During the reverse transformation, a Gibbs free energy change may be defined as Formula (2). If the reverse transformation is the growth process of residual austenites, this transformation process is the reverse shear process of the phase interface reverse migration (the disappearance order of variants in reverse transformation is opposite to that in martensitic transformation, which is the result of the reverse shear process). Martensitic transformation is a process of accumulating strain in the austenite phase, so the reverse transformation is a process of eliminating strain. This leads to an essential difference between Formula (2) and Formula (1); that is, the elastic strain energy term in Formula (2) will become negative and become the driving force of the phase transition. However, if the austenite phase is formed by nucleation in the martensite phase, this driving force is missing. Therefore, the growth of residual austenites has a driving force advantage over the nucleation of the austenite phase in the reverse transformation, which can also explain why it always changes back to the original austenite phase grain through the reverse transformation.
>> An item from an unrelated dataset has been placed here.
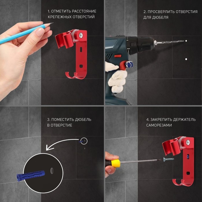 Держатель для душевой лейки ZEIN Z69, регулируемый с крючком, алюминий, красный

$$\Delta G^{M\to P}=\Delta G_c^{M\to P}+\Delta G_i^{M\to P}+\Delta G_e^{M\to P}$$

(2)

Therefore, it is speculated that the growth of residual austenites will dominate the reverse transformation. Different martensitic variants transform into the original austenite grain, and in turn, the shape of the alloys is restored.
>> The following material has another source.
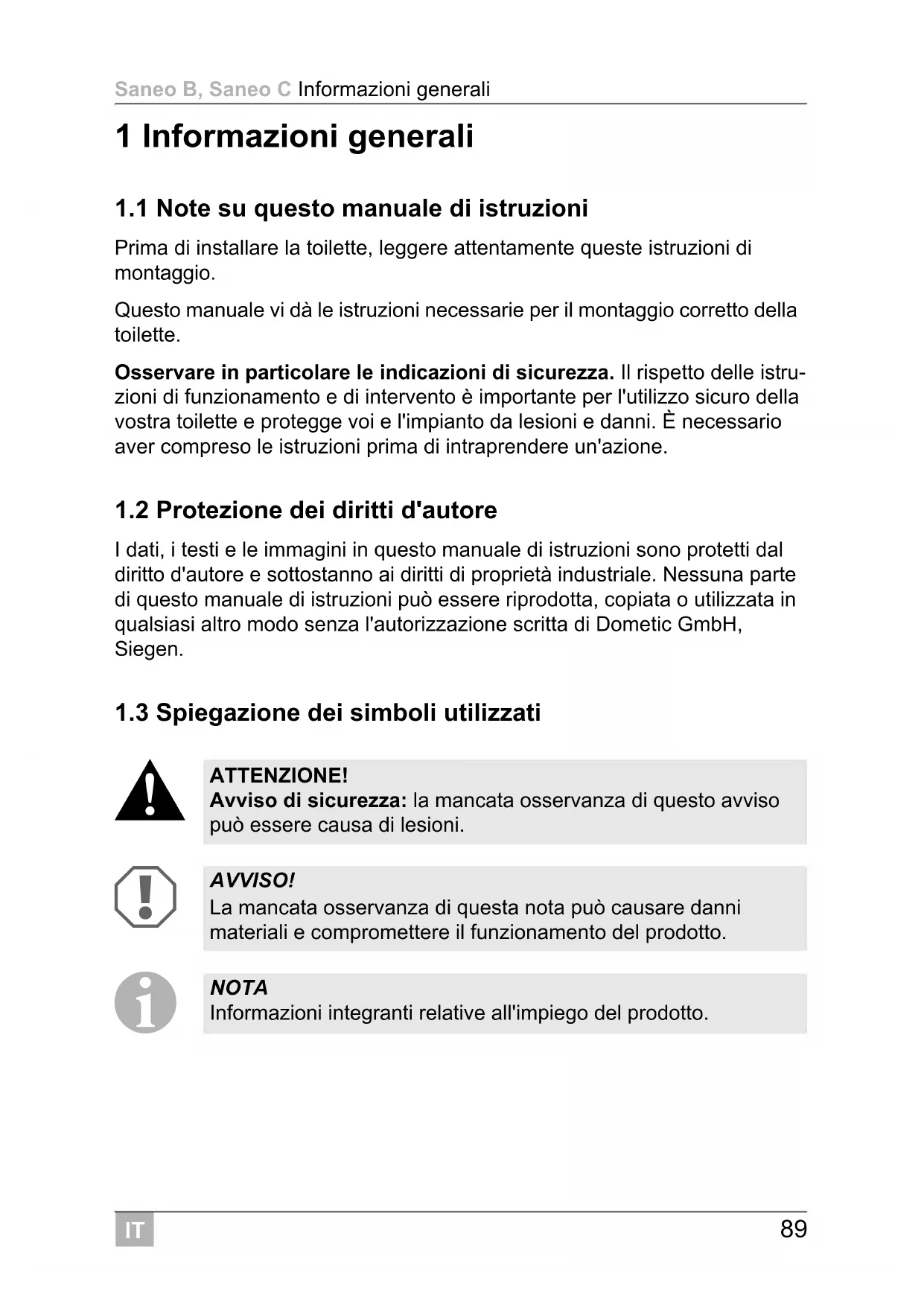 ATTENZIONE! Avviso di sicurezza: la mancata osservanza di questo avviso può essere causa di lesioni. AVVISO! La mancata osservanza di questa nota può causare danni materiali e compromettere il funzionamento del prodotto. NOTA Informazioni integranti relative all'impiego del prodotto.IT Informazioni generali Saneo B, Saneo C

The direction of compressive stress applied to the Cu-Al-Mn SMA in this experiment is shown in Figure 3b. The relationship of the external stress (F) and the shear stress (S) in the martensite habit plane can be expressed as [28]:

$$S=F·\sin \left(\theta \right)·\cos \left(\alpha \right)$$

(3)

The schematic diagram of force analysis is also shown in Figure 3c. The stress S will provide part of the driving force for the martensite transformation, which promotes the preferential formation of martensite with this orientation (such as f orientation here). While in the other nonequivalent direction, the compressive stress could hinder the formation of martensite, which will make the martensite variants with orientations of “a”, “b”, “c” and “d” appear later or even not appear (such as “e” orientation). With constant applied stress and heating, the order of disappearance of the thermoelastic martensitic variants in the inverse phase transition is just opposite to the order of their formation during in the martensitic phase transition. It is suggested that constant external stresses do not affect the release of the strain energy stored in the martensitic phase transition.

5. Conclusions

The thermoelastic martensitic transformation and its reverse transformation of the Cu-Al-Mn cryogenic SMA with and without compressive stress were dynamically in situ observed by using a self-designed cryogenic metallographic device. Some thermoelastic martensitic transformation rules were summarized. The size and number of martensites gradually increase up with the decrease of temperature, while they decrease with the increase of temperature, with and without the compressive stress. Different martensite variants grow continuously in the length and width directions. These preferentially grown martensite strips can interact with other oriented martensites subsequently formed. The order of martensite disappearance is just opposite to that of their formation. In the process of thermoelastic martensite transformation, even when the temperature is lower than M_f, there are still some austenites which are not completely transformed into martensites. It means that the transformation from austenite to martensite was not completed to 100%. It is speculated that the martensite transformation of SMA would follow two stages, nucleation and growth, but its reverse transformation can occur only by the growth of residual austenites. If the reverse transformation can only occur by the growth of residual austenites, this can also explain why the deformed SMA remembers its original shape. The external compressive stress would change the appearance order of martensite variants, could induce new martensite variant and reduce some original martensite variants. Compared with the case without compressive stress, the growth of the original martensite variants could be restrained by the new stress field.